#### EXERCISE MATERIAL ####

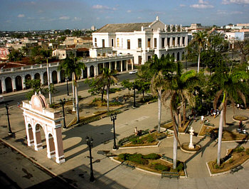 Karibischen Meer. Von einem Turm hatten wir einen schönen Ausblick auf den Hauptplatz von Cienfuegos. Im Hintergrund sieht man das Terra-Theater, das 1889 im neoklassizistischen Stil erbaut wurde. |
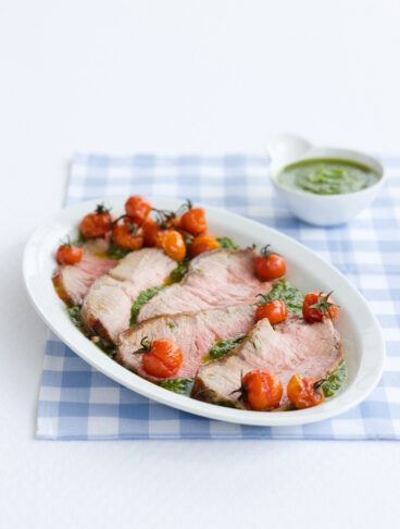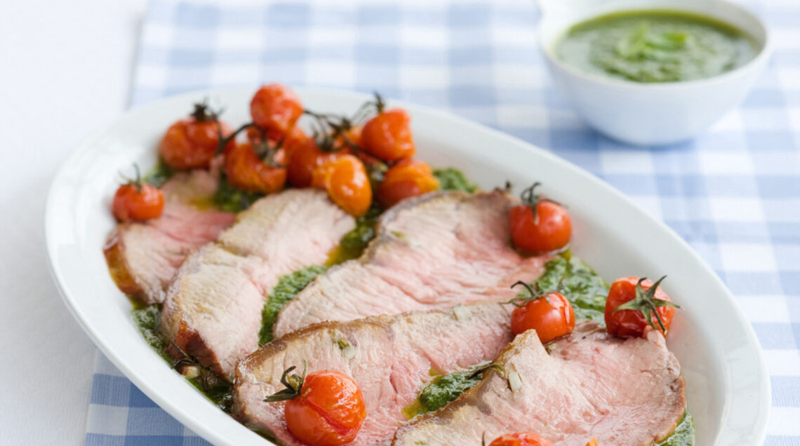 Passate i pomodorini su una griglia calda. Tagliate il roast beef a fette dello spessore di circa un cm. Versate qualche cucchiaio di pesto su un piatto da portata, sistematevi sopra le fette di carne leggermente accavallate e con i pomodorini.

####
#### EXERCISE MATERIAL ####

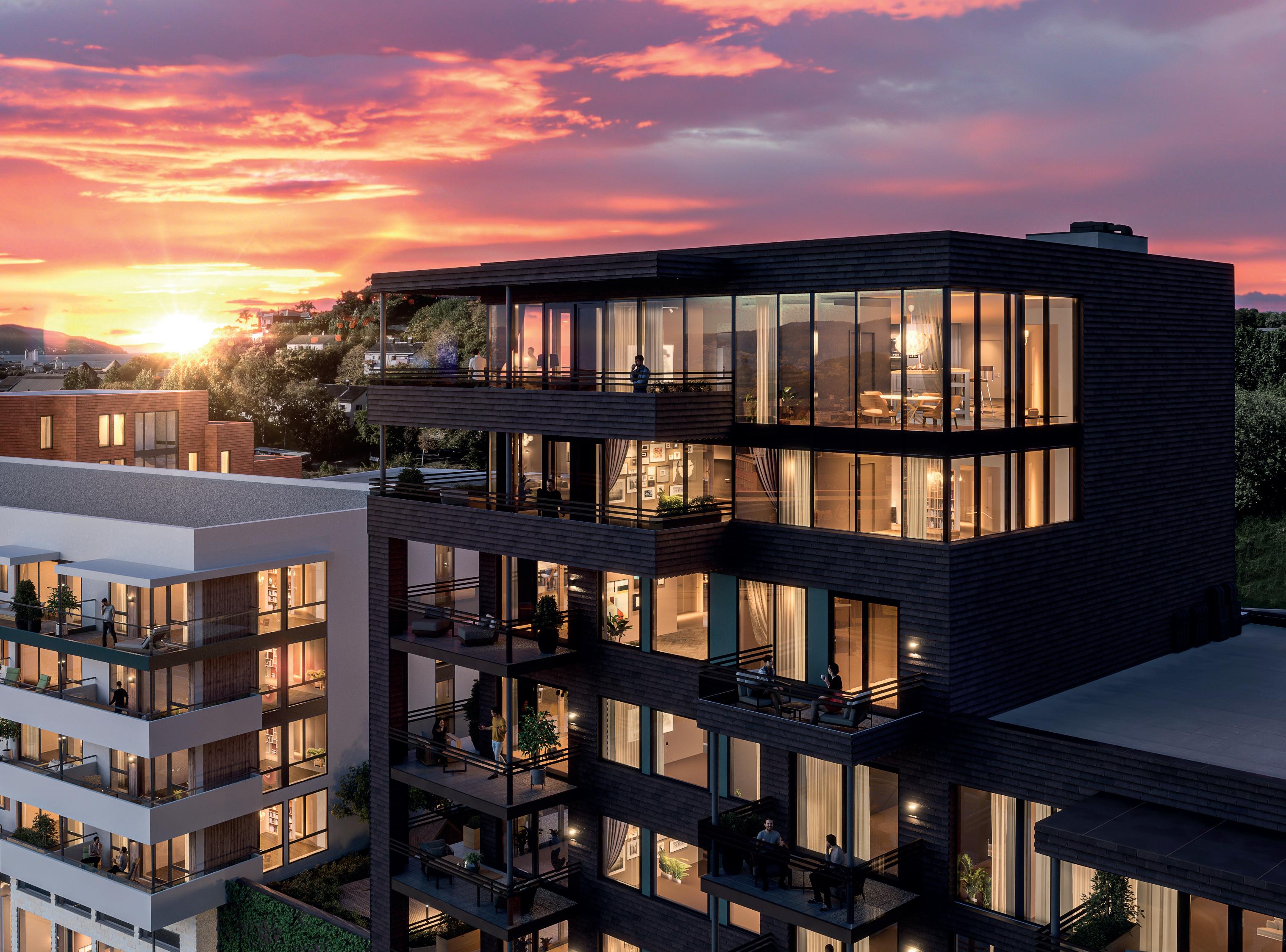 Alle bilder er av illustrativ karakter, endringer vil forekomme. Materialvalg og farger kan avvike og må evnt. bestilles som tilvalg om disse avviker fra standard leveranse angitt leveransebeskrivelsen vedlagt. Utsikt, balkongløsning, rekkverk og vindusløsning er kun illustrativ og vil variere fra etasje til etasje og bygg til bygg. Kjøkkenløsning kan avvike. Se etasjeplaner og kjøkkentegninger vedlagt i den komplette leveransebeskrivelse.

####
#### EXERCISE MATERIAL ####

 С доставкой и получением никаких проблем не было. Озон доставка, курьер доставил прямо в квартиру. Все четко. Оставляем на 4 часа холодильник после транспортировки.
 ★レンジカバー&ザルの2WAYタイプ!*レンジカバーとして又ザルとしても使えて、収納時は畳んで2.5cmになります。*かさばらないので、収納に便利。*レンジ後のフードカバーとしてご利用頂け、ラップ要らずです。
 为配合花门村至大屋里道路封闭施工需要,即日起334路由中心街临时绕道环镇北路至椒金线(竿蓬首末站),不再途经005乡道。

####

WHAT TO PRODUCE :: For the data above, set down exactly the lines from the line with "Karibischen Meer. Von" to the line with "Passate i pomodorini", both included, leaving pictures out.

OUTPUT OF THE TASK ::
 Karibischen Meer. Von einem Turm hatten wir einen schönen Ausblick auf den Hauptplatz von Cienfuegos. Im Hintergrund sieht man das Terra-Theater, das 1889 im neoklassizistischen Stil erbaut wurde. |
 Passate i pomodorini su una griglia calda. Tagliate il roast beef a fette dello spessore di circa un cm. Versate qualche cucchiaio di pesto su un piatto da portata, sistematevi sopra le fette di carne leggermente accavallate e con i pomodorini.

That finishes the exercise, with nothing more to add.